6.1 Sentence tokenization

One common procedure is to split texts into sentences which we can do by using, e.g., the tokenize_sentence function from the quanteda package. I also unlist the data to have a vector wot work with (rather than a list).

et_sent <- quanteda::tokenize_sentence(review) %>%
  unlist()
# inspect
et_sent
##                                                                                textpos10001 
##                                           "Gary Busey is superb in this musical biography." 
##                                                                                textpos10002 
##                                                   "Great singing and excellent soundtrack." 
##                                                                                textpos10003 
##                               "The Buddy Holly Story is a much better movie than La Bamba." 
##                                                                                textpos10004 
##                   "From reading other comments, there may be some historical inaccuracies." 
##                                                                                textpos10005 
## "Regardless, it is a fun toe-tapping film, and a good introduction to Buddy Holly's music." 
##                                                                                textpos10006 
##                                                                                          ""

6.2 Stop word removal

Another common procedure is to remove stop words, i.e., words that do not have semantic or referential meaning (like nouns such as tree or cat, or verbs like sit or speak or adjectives such as green or loud) but that indicate syntactic relations, roles, or features.(e.g., articles and pronouns). We can remove stopwords using, e.g., the removeWords function from the tm package

et_wostop <-  tm::removeWords(review, tm::stopwords("english"))
# inspect
et_wostop
##                                                                                                                                                                                                                                                                    textpos1000 
## "Gary Busey  superb   musical biography. Great singing  excellent soundtrack. The Buddy Holly Story   much better movie  La Bamba. From reading  comments,  may   historical inaccuracies. Regardless,    fun toe-tapping film,   good introduction  Buddy Holly's music.\r\n"

6.3 Removing unwanted sybols

To remove the superfluous white spaces, we can use, e.g., the stripWhitespace function from the tm package.

et_wows <-  tm::stripWhitespace(et_wostop)
# inspect
et_wows
##                                                                                                                                                                                                                                                textpos1000 
## "Gary Busey superb musical biography. Great singing excellent soundtrack. The Buddy Holly Story much better movie La Bamba. From reading comments, may historical inaccuracies. Regardless, fun toe-tapping film, good introduction Buddy Holly's music. "

It can also be useful to remove numbers. We can do this using, e.g., the removeNumbers function from the tm package.
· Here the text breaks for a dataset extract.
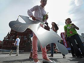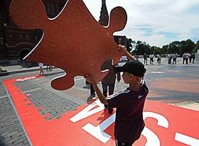 Год Германии в России. Сборка пазла "Автопортрет" Альбрехта Дюрера на Манежной площади.

et_wonum <-  tm::removeNumbers("This is the 1 and only sentence I will write in 2022.")
# inspect
et_wonum
## [1] "This is the  and only sentence I will write in ."

We may also want to remove any type of punctuation using, e.g., the removePunctuation function from the tm package.

et_wopunct <-  tm::removePunctuation(review)
# inspect
et_wopunct
##                                                                                                                                                                                                                                                                                                       textpos1000 
## "Gary Busey is superb in this musical biography Great singing and excellent soundtrack The Buddy Holly Story is a much better movie than La Bamba From reading other comments there may be some historical inaccuracies Regardless it is a fun toetapping film and a good introduction to Buddy Hollys music\r\n"

6.4 Stemming

Stemming is the process of reducing a word to its base or root form, typically by removing suffixes. For example, running becomes run and jumps becomes jump. This helps in normalizing words to their core meaning for text analysis and natural language processing tasks. We can stem a text using, e.g., the stemDocument function from the tm package

et_stem <-  tm::stemDocument(review, language = "en")
# inspect
et_stem
##                                                                                                                                                                                                                                                                                   textpos1000 
## "Gari Busey is superb in this music biography. Great sing and excel soundtrack. The Buddi Holli Stori is a much better movi than La Bamba. From read other comments, there may be some histor inaccuracies. Regardless, it is a fun toe-tap film, and a good introduct to Buddi Holli music."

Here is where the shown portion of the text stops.